The steps below focus on electronics board design. If your design includes gateware and software, you should adapt the cycle to your specifics. Also note that some of the reports mentioned in this procedure can be combined into a single document.

  1. Kick Off Meeting. It is the official start of the project. A kick-off review should be organised in order to ensure that all requirements and all necessary information are available. At this stage, the team shall describe all project management aspects including:

    • Risk management,
    • Quality management,
    • Obsolescence management,
    • Operation and maintenance management,
    • Configuration management if needed

    It is also recommended to have an RVM (Requirement Verification Matrix) used to:

    • Identify the intended requirement compliance with the specification,
    • Identify how each requirement will be demonstrated,
    • Identify the risk level of each requirement.
  2. Preliminary Design Review (PDR). A PDR will take place in order to validate the initial design and the configuration of these prototypes. The preliminary design should be documented with the following deliverables:

    • Functional Specification Document
    • Validation Plan or an Acceptance Test Procedure
    • Some preliminary design files such as:
      • Pre Bill of Materials
      • Additional initial studies such as EMC, Thermal analysis, Safety and testability.
  3. Conceptual Design Review (CDR). After a successful PDR, the next phase shall start based on the solutions showed and agreed at PDR. For the Conceptual Design Review, the design team should release:

    • Specification files including:
      • Function Analysis,
      • Architecture,
      • Technical Specification,
      • Draft schematics of your board,
      • Interface Communication Document (ICD).
    • Preliminary design files:
      • RAMS analysis (see section below)
      • EMI/EMC studies
      • Thermal studies
      • Operation and maintenance documentation
    • Preliminary implementation file:
      • Bill of Materials
    • Update the:
      • Requirement Verification Matrix
      • Risk analysis
  4. Final Design Review. At the final design review, the development team shall present all results of its preliminary design including mechanical, electrical, electronic and RAMS. The risk of each requirement shall be assessed. If required testing activities shall be conducted in order to provide enough confidence in the proposed design. These designs and configuration are frozen and the designers shall not undertake any modification without consensus. At this stage, we recommend having the following:

    • Final design investigation (including RAMS and Operation and Maintenance documentation),
    • Design files including:
      • Drawings, final schematics, 3D models, Interface Communication Document (ICD),
      • Design Justification Document
      • Bill of Materials / Design Tree / Configuration,
    • Test documentation including:
      • Acceptance and Qualification Test Procedures.
    • Update documentation such as:
      • Requirement Verification Matrix
      • Risk analysis and reduction plan
  5. Test Readiness Review. The test readiness review will take place in order to ensure that the produced prototypes are compliant with the requirements and ready to undergo the qualification at system level. The prototypes used for testing shall be fully compliant with the configuration validated at CDR and FDR. At this stage we recommend having the following:

    • Complete definition file,
    • Acceptance Test Reports.

    If a test fails, a comprehensive report detailing the issue must be prepared. A failure analysis should be carried out, and a Failure Analysis Report must be issued. Should a design modification be necessary, it must be thoroughly documented, with all associated impacts clearly outlined. Additionally, any rework must be reported prior to its commencement.

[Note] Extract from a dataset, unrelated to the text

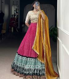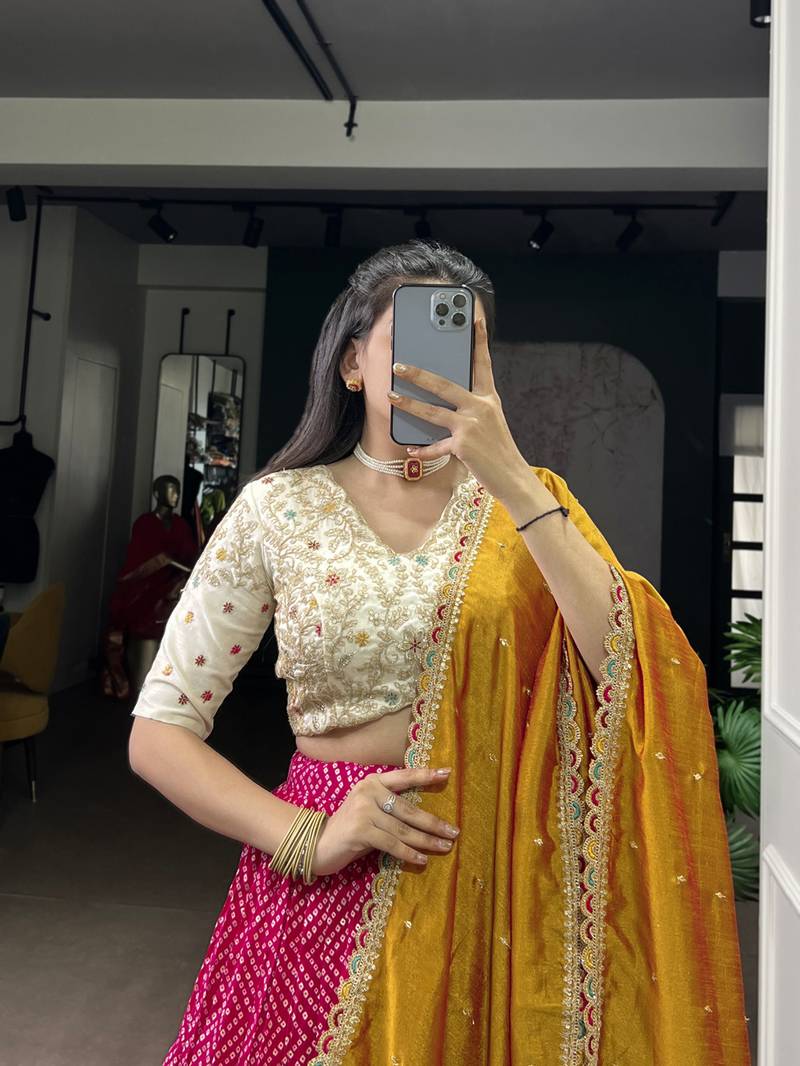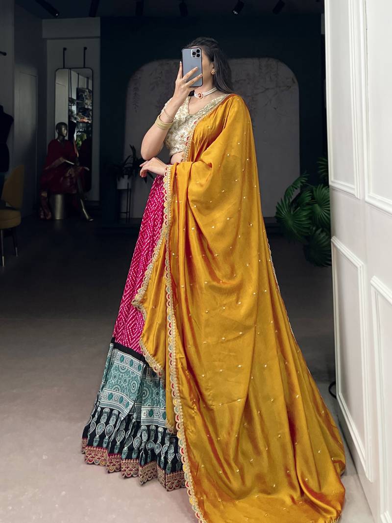 Rayon bandhej chaniya choli with sequins & thread embroidery lace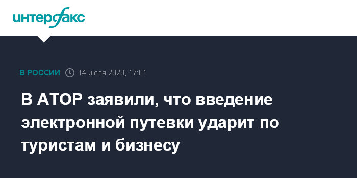 Москва. 14 июля. INTERFAX.RU - Введение системы электронной путевки увеличит финансовую нагрузку на туристов и туристический бизнес в условиях, когда отрасль и так очень сильно пострадала от пандемии коронавируса, считает исполнительный директор Ассоциации туроператоров России (АТОР) Майя Ломидзе.

  6. Product Qualification Review. After all qualification tests performance and reporting, a PQR shall be held in order to validate the qualification and compliance of the design with the initial requirements. After a successful PQR, the complete design will be qualified. Therefore, the product definition and all technical files are frozen. Technical files must have been updated in case of failure of the product during qualification testing. No change can be accepted after the Product Qualification Review.

Reliability, Availability, Maintainability and Safety (RAMS) Requirements

The following tasks describe the Reliability, Availability, Maintainability and Safety activities to be conducted in concurrent engineering mainly with the conception and development phases. It is a quantitative approach that ensures a rigorous dependability study throughout the development process.

Step 1: Understanding your Reliability Requirements Your hazard and risk analysis determines the essential reliability and safety measures required to mitigate risks associated with electronic systems.

Step 2: Probability of Dangerous Failure per Hour (PFH) Calculation Calculate the PFH, which measures the likelihood of a dangerous failure occurring within an hour of operation. This step is crucial for assessing the reliability of your system under continuous use.

Step 3: Evaluating Architectural Constraints Next, evaluate the architectural constraints by:

  • Calculating the Safe Failure Fraction (SFF): This calculation helps determine the proportion of safe failures to the total number of failures.
  • Considering Hardware Fault Tolerance (HFT): Assess the system's ability to continue functioning correctly in the event of hardware faults.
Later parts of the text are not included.